++++ Records for the task

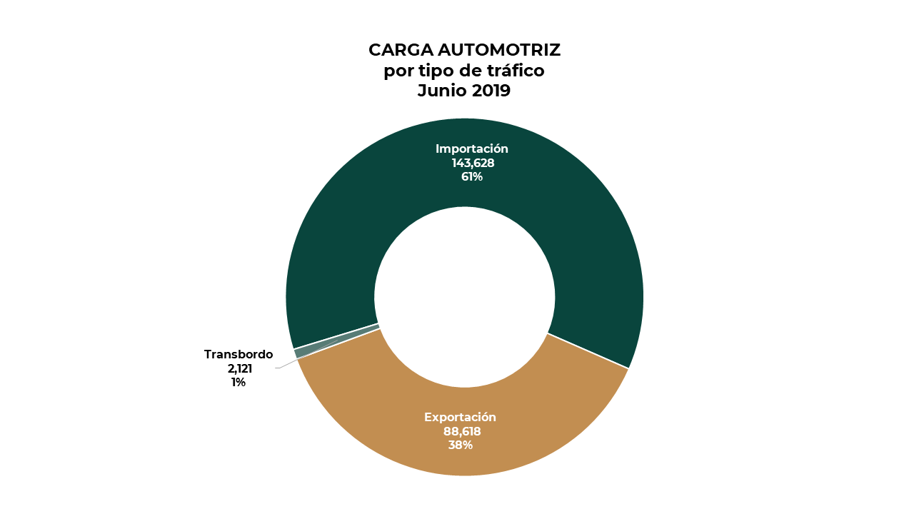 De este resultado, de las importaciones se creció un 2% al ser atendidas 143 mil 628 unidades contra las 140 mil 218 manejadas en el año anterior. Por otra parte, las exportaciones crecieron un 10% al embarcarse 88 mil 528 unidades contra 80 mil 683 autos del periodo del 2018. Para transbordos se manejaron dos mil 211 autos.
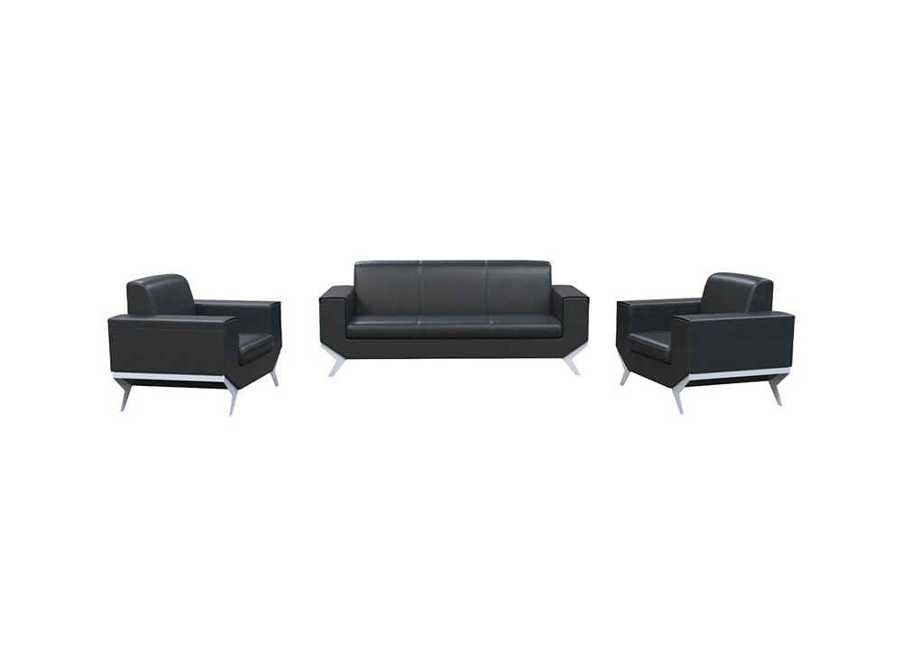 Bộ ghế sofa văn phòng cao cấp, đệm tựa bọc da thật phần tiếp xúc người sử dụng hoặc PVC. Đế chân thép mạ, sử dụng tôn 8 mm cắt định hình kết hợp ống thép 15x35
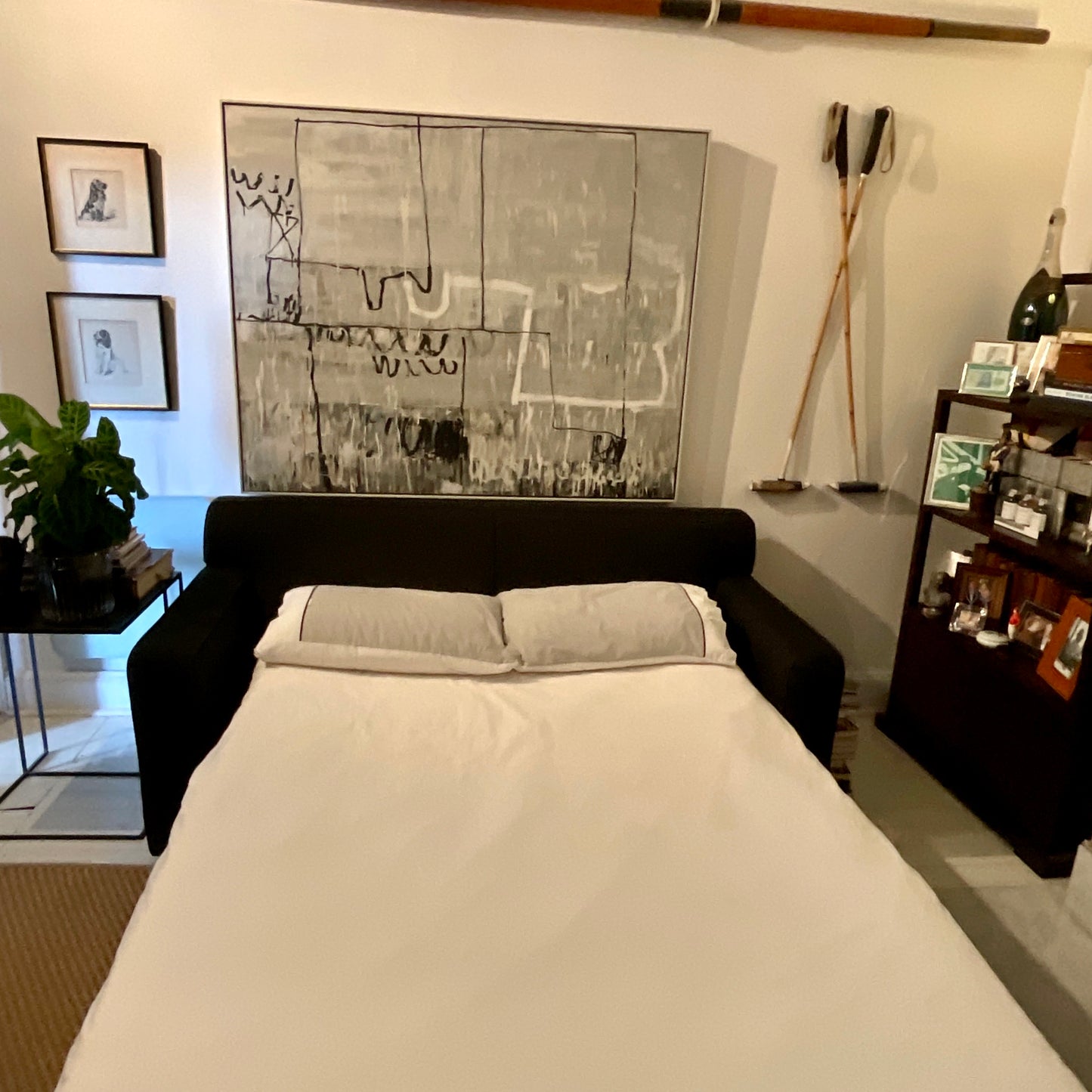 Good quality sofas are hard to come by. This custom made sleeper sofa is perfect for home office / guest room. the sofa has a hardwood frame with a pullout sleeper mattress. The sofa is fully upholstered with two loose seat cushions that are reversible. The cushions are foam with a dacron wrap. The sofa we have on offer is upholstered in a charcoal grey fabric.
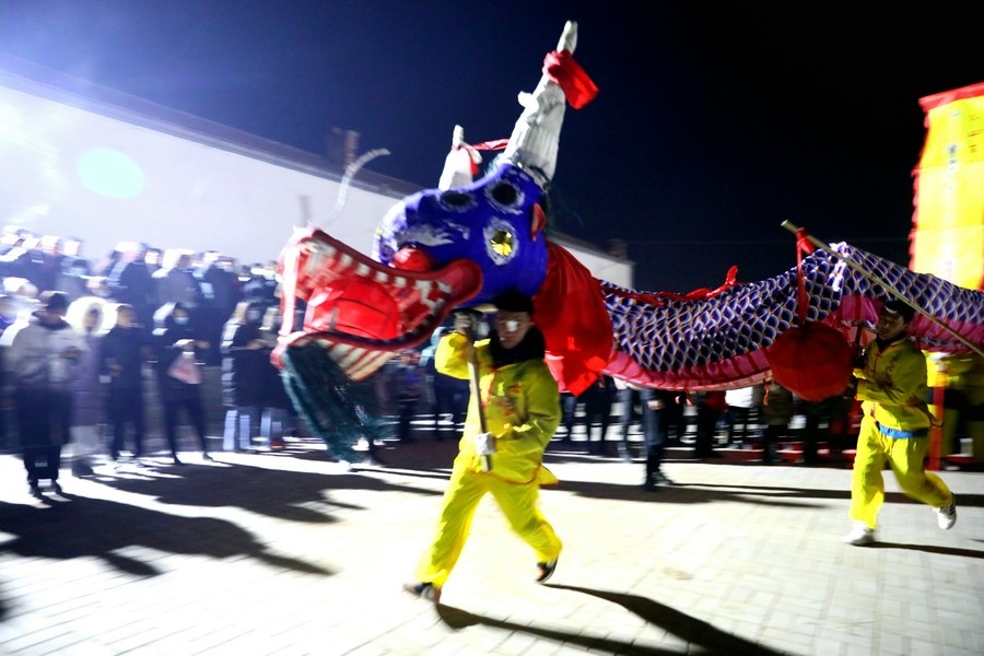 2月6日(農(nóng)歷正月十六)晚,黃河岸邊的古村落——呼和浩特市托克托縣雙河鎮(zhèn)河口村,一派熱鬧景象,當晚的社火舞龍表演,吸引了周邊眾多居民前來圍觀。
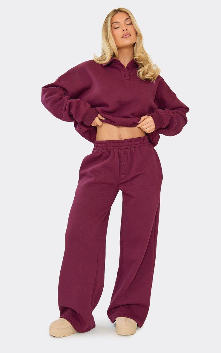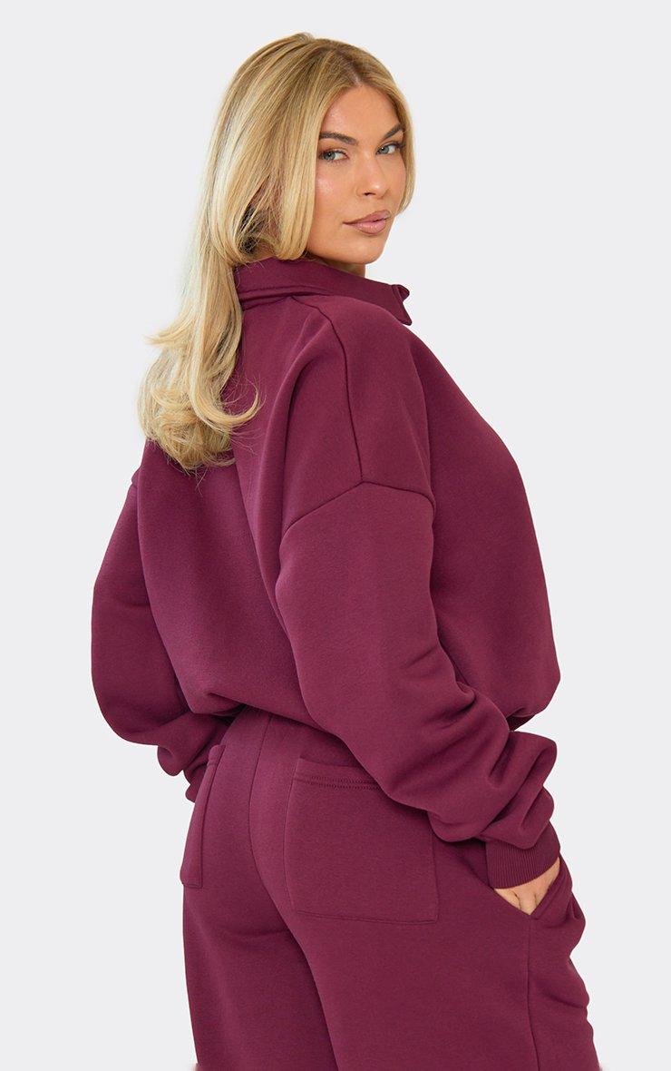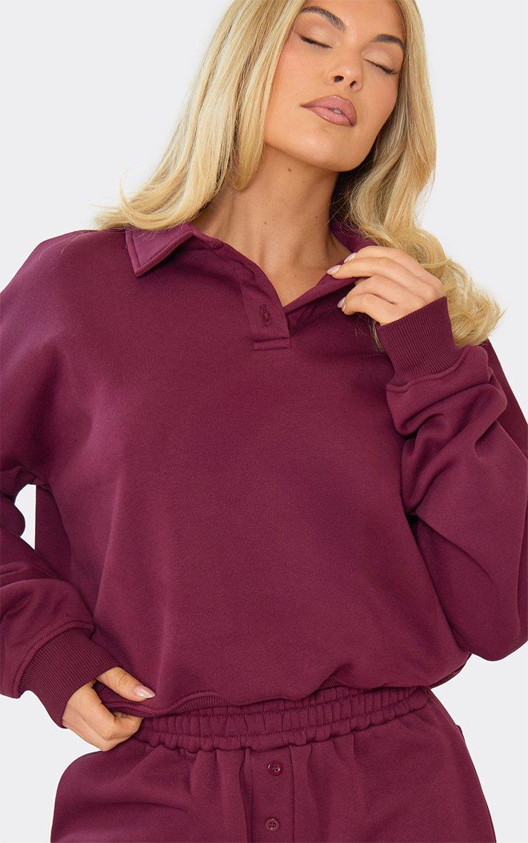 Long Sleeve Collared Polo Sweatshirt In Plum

++++++++

Assignment — Give the data again exactly, image-free.

The completed task —
 De este resultado, de las importaciones se creció un 2% al ser atendidas 143 mil 628 unidades contra las 140 mil 218 manejadas en el año anterior. Por otra parte, las exportaciones crecieron un 10% al embarcarse 88 mil 528 unidades contra 80 mil 683 autos del periodo del 2018. Para transbordos se manejaron dos mil 211 autos.
 Bộ ghế sofa văn phòng cao cấp, đệm tựa bọc da thật phần tiếp xúc người sử dụng hoặc PVC. Đế chân thép mạ, sử dụng tôn 8 mm cắt định hình kết hợp ống thép 15x35
 Good quality sofas are hard to come by. This custom made sleeper sofa is perfect for home office / guest room. the sofa has a hardwood frame with a pullout sleeper mattress. The sofa is fully upholstered with two loose seat cushions that are reversible. The cushions are foam with a dacron wrap. The sofa we have on offer is upholstered in a charcoal grey fabric.
 2月6日(農(nóng)歷正月十六)晚,黃河岸邊的古村落——呼和浩特市托克托縣雙河鎮(zhèn)河口村,一派熱鬧景象,當晚的社火舞龍表演,吸引了周邊眾多居民前來圍觀。
 Long Sleeve Collared Polo Sweatshirt In Plum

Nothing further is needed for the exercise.